First, the endowment insurance fund raising

When the insured dies suddenly, if he has reached the legal retirement age and started to receive old-age insurance, then his survivors can continue to receive the remaining old-age insurance until the end. Survivors need to provide the insured's death certificate, identity certificate and other related materials when receiving them, and handle them according to the requirements of the social security department.

Second, the handling of personal accounts.

How to deal with the balance of personal pension account after the death of the insured depends on the local social security policy. Generally speaking, the personal account balance can be inherited by the survivors or returned according to the policy. When applying for inheritance or refund of personal account balance, survivors need to provide relevant supporting materials, such as the death certificate of the insured, proof of inheritance relationship, etc.

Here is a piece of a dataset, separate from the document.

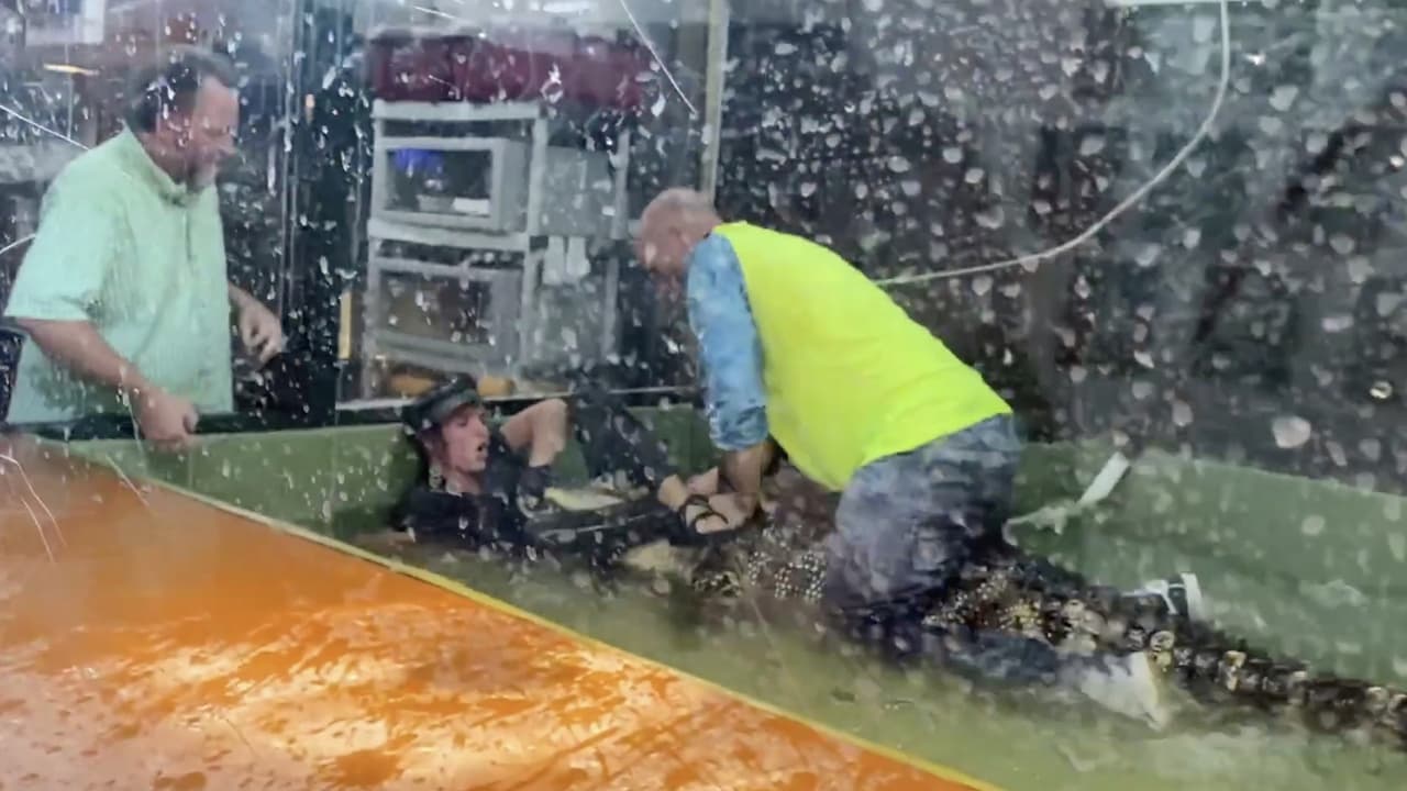 Un caimán ataca a su entrenadora en medio de un espectáculo y un espectador se lanza a rescatarla

Three. Application for survivors' treatment

In addition to the collection of pension insurance and the handling of personal accounts, survivors can also apply for survivor treatment according to the policy. Survivors' treatment usually includes one-time pension and survivors' living allowance, aiming at helping survivors tide over the difficulties. To apply for survivor's pension, you need to provide relevant certification materials, such as the death certificate of the insured, the identity certificate of the survivor, and the relationship certificate with the insured.

To sum up:

After sudden death, the handling of endowment insurance involves the collection of endowment insurance money, the handling of personal accounts and the application for survivors' treatment. Survivors need to know the local social security policies, prepare relevant supporting materials, and apply according to the requirements of the social security department. At the same time, the social security department should also actively provide help and guidance to ensure that the rights and interests of survivors are protected.

Legal basis:

People's Republic of China (PRC) social insurance law

Article 17 stipulates:

If an individual who participates in the basic old-age insurance dies due to illness or non-work, his survivors can receive funeral grants and pensions; Persons who have completely lost their ability to work due to illness or non-work-related disability before reaching the statutory retirement age can receive disability allowance. The required funds are paid from the basic old-age insurance fund.

People's Republic of China (PRC) social insurance law

Article 14 stipulates:

Personal accounts shall not be withdrawn in advance, and the bookkeeping interest rate shall not be lower than the bank time deposit interest rate, and interest tax shall be exempted. If an individual dies, the balance of the individual account can be inherited.